We interviewed Teacher Trainers Luigi Micarelli and Luisa Guerrini from the Teacher Training Department at Dilit International House Rome about teaching online with the communicative approach. Hear what they had to say.
We have been in shutdown for over a month now. Spring is in the air. Only the gardener goes to school to water the plants. We are online. We weren’t ready. We weren’t prepared, neither mentally nor practically. But after the initial shock, we looked each other in the eye, collected our thoughts and told each other “what we are good at doing in the real class we should be able to do in the virtual class”. If we have now reached a certain competence is a question that only our online students can answer. But on the whole things seem to be going quite well.
Certainly, things are different: the setting, the Internet connection, the distance, the energy and enthusiasm of the class which is transmitted to those less motivated students, the teacher’s view of the class as a whole etc. During our countless debates and meeting, we teachers have been going over and comparing our online experiences, finding feasible solutions to critical issues, experimenting with new techniques. But ever since our first meeting there has been a question which lingers in our minds: Do we have somehow to reach a compromise between the communicative approach and online teaching?

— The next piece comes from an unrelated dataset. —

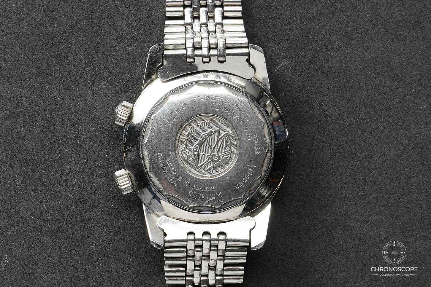 CASEBACK: The watch has the bayonet case back unique to Enicar referred to with a different patent number than other Super Compressor cases. The original stainless steel caseback is in quite good condition, showing a clear Sherpa clamshell logo at the center and signs of use. The engraved text is crisp and the caseback appears unpolished.The inner caseback is stamped with the right nomenclature, from the signature diver’s helmet to the marking 2342 and 12-69.

We have absolutely no intention here of presenting a treatise on the communicative approach, we would just like to make some points clear and highlight some others.
To merit the term communicative we must, first of all, observe what real communication is. And respect the principles in class. A fundamental point is that real communication is not created by a series of phrases, but rather by a text full of cohesion and coherence. The teacher’s job is to prepare students as communicators (both in oral and written language). Very few language schools and textbooks fail to mention the term communicative in their presentations. And then there are others who forge new terms to express the same concept. But to go back to the main issue: there are those who affirm that to pass on to online teaching one has no choice but to reach some sort of compromise. This position makes sense in its simplicity but could lead to potential risks, in the sense that there are no limits to what sort of compromise could be reached. It is said that we are passing through a radical change and it would be obviously shortsighted to deny this. But at the same time, we would be even dumber if we do not hold on firmly to the principles we believe in. We do not see ourselves as the “guardians of the ark” immune to any form of contamination and change. It is likely that in the near future new procedures and techniques more appropriate for online teaching will be thought of. Obviously we will evaluate them and take what best fits our concept of teaching, without giving up what we consider a source of satisfaction for both teachers and students.
As long as we teachers are fully aware and firmly convinced of our way of teaching, we are sure that the method, the approach, the philosophy, the term communicative will cope with the challenge of online teaching. Before and after March 2020.